RECORDED INFORMATION:
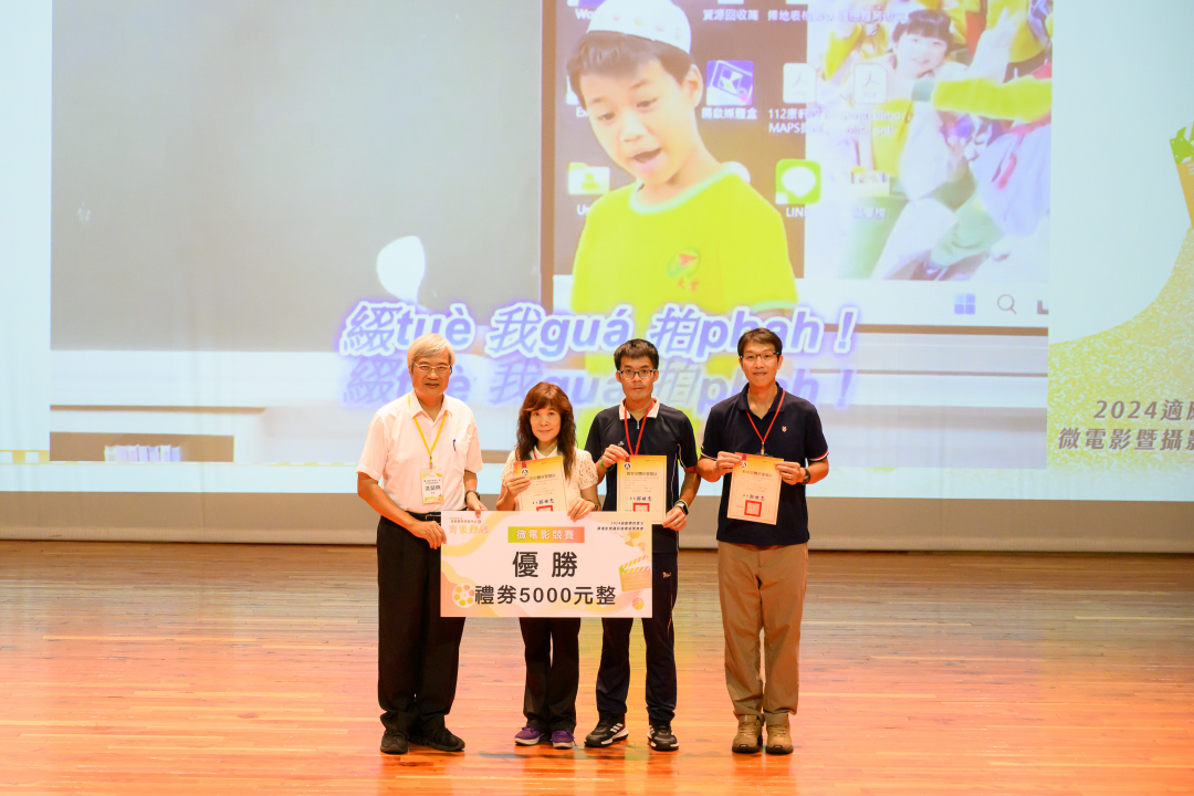 石文雀、楊心慈、潘麒麟、周育全以《綴tuè我guá拍phah!!》獲微電影競賽快閃倡議組優勝。(圖|陳逸凱)
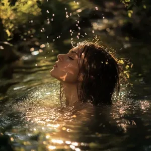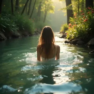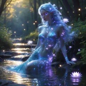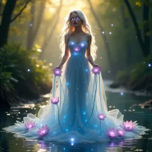 “A surreal scene featuring Dahlia as a flowing, ethere...»
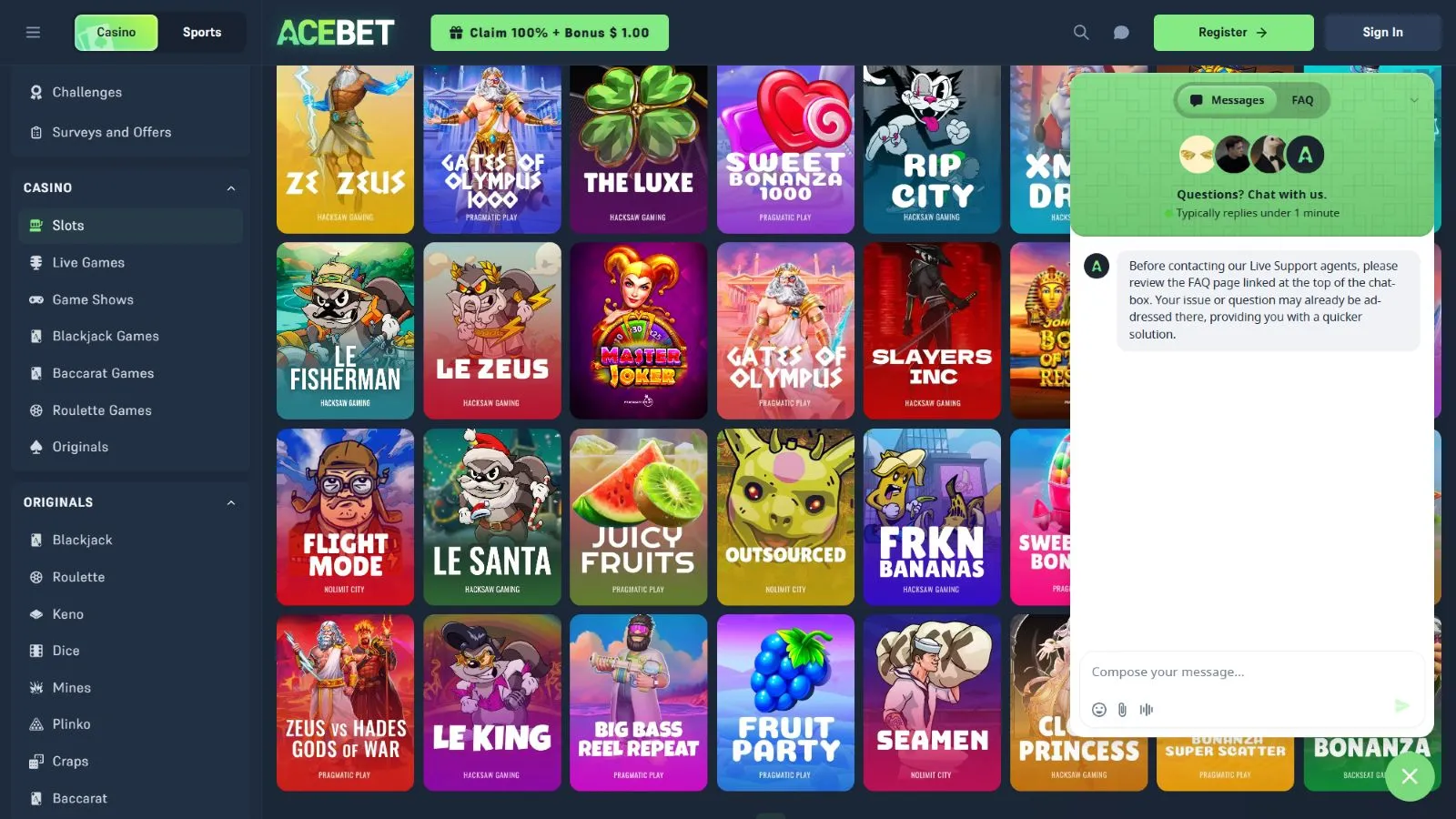 Withdrawing your winnings is easy at Acebet. As long as you’ve wagered your deposit or bonus at least once, you’re good to go. Just submit your payout request, and it will be processed within 5 minutes.

ACTIVITY:
All the material above must be copied exactly, and no picture belongs in the copy.

PROBLEM SOLUTION:
 石文雀、楊心慈、潘麒麟、周育全以《綴tuè我guá拍phah!!》獲微電影競賽快閃倡議組優勝。(圖|陳逸凱)
 “A surreal scene featuring Dahlia as a flowing, ethere...»
 Withdrawing your winnings is easy at Acebet. As long as you’ve wagered your deposit or bonus at least once, you’re good to go. Just submit your payout request, and it will be processed within 5 minutes.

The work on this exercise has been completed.